Having regard to the nature of the admissions contained in the Government ’ s unilateral declaration, and in particular to their admission that there has been a breach of the Convention in the applicant ’ s case, as well as to the amount of compensation proposed which can be considered reasonable, the Court considers that it is no longer justified to continue the examination of this part of the application (Article 37 § 1 (c)) (see, for the relevant principles, Tahsin Acar as cited above ; and also Haran v. Turkey , no. 25754/94, judgment of 26 March 2002).
In the light of all the above considerations, the Court is satisfied that respect for human rights as defined in the Convention and the Protocols thereto does not require it to continue the examination of th is complaint ( Article 37 § 1 in fine ).
The Court further notes that this decision constitutes a final resolution of this application only in so far as the proceedings before the Court are concerned. It is without prejudice to the use by the applicant of other remedies before the domestic courts to claim further compensation in respect of the impugned proceedings.
Accordingly, it should be struck out of the list and the application of Article 29 § 3 of the Convention should be discontinued .
2. The applicant further complained that in the civil proceedings she had been deprived of a fair trial in that the courts had falsified documents and evidence in the course of proceedings and had given wrong decisions.
Insofar as the applicant complained about the alleged forgery of documents by the court, the Court considers that this complaint is unsubstantiated.
Insofar as she complained about the outcome of the civil proceedings, the Court reiterates that, according to Article 19 of the Convention, its duty is to ensure the observance of the engagements undertaken by the Contracting Parties to the Convention. In particular, it is not its function to deal with errors of fact or law allegedly committed by a national court unless and in so far as they may have infringed rights and freedoms protected by the Convention (see García Ruiz v. Spain [GC], no. 30544/96, § 28, ECHR 1999-I). It is the national authorities, in particular courts and tribunals, that are charged with interpreting the internal law of a Contracting Party (see Houfová v. Czech Republic ( dec .), no. 58177/00, 1 July 2003).
The Court notes that the applicant benefited from an examination of her case by ordinary courts at two instances with full jurisdiction to assess the relevant facts and law. In the light of all the material in its possession, and in so far as the matters complained of are within its competence, the Court finds that they do not disclose any appearance of a violation of the rights and freedoms set out in the Convention or its Protocols.
It follows that this complaint is manifestly ill-founded and must be rejected in accordance with Article 35 §§ 3 and 4 of the Convention.
3. Having regard to the above consideration, the application of the Article 29 § 3 of the Convention should be discontinued.

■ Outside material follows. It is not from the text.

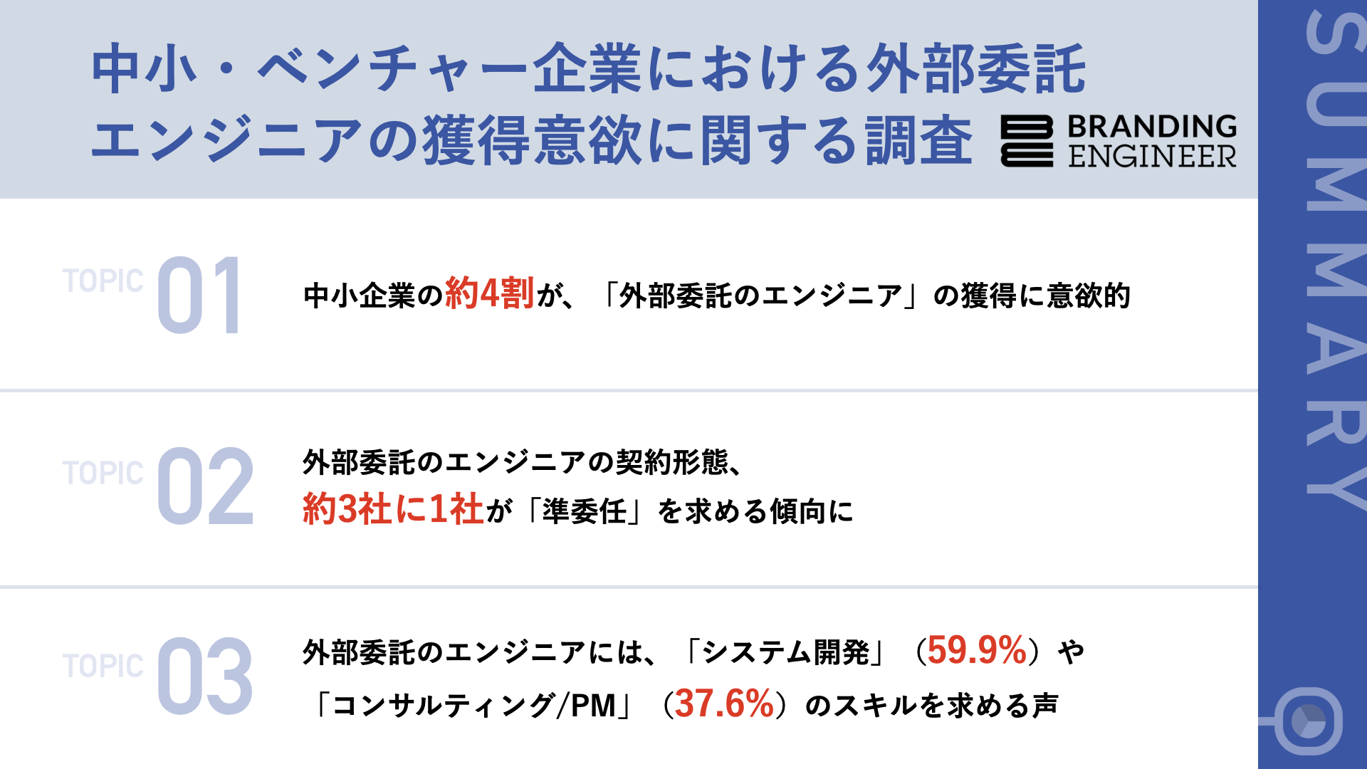 - 中小企業の37.6%が、「外部委託エンジニア」の獲得に意欲的
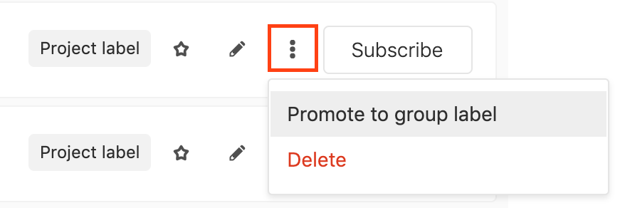 If you are expanding from a few projects to a larger number of projects within the same group, you may want to share the same label among multiple projects in the same group. If you previously created a project label and now want to make it available for other projects, you can promote it to a group label.

For these reasons, the Court unanimously
Takes note of the terms of the respondent Government ’ s declaration and of the modalities for ensuring compliance with the undertakings referred to therein;
Decides to strike the application out of its list of cases in so far as it relates to the complaint concerning to the proceedings for contempt of court, in accordance with Article 37 § 1 (c) of the Convention;
Declares the remainder of the application inadmissible.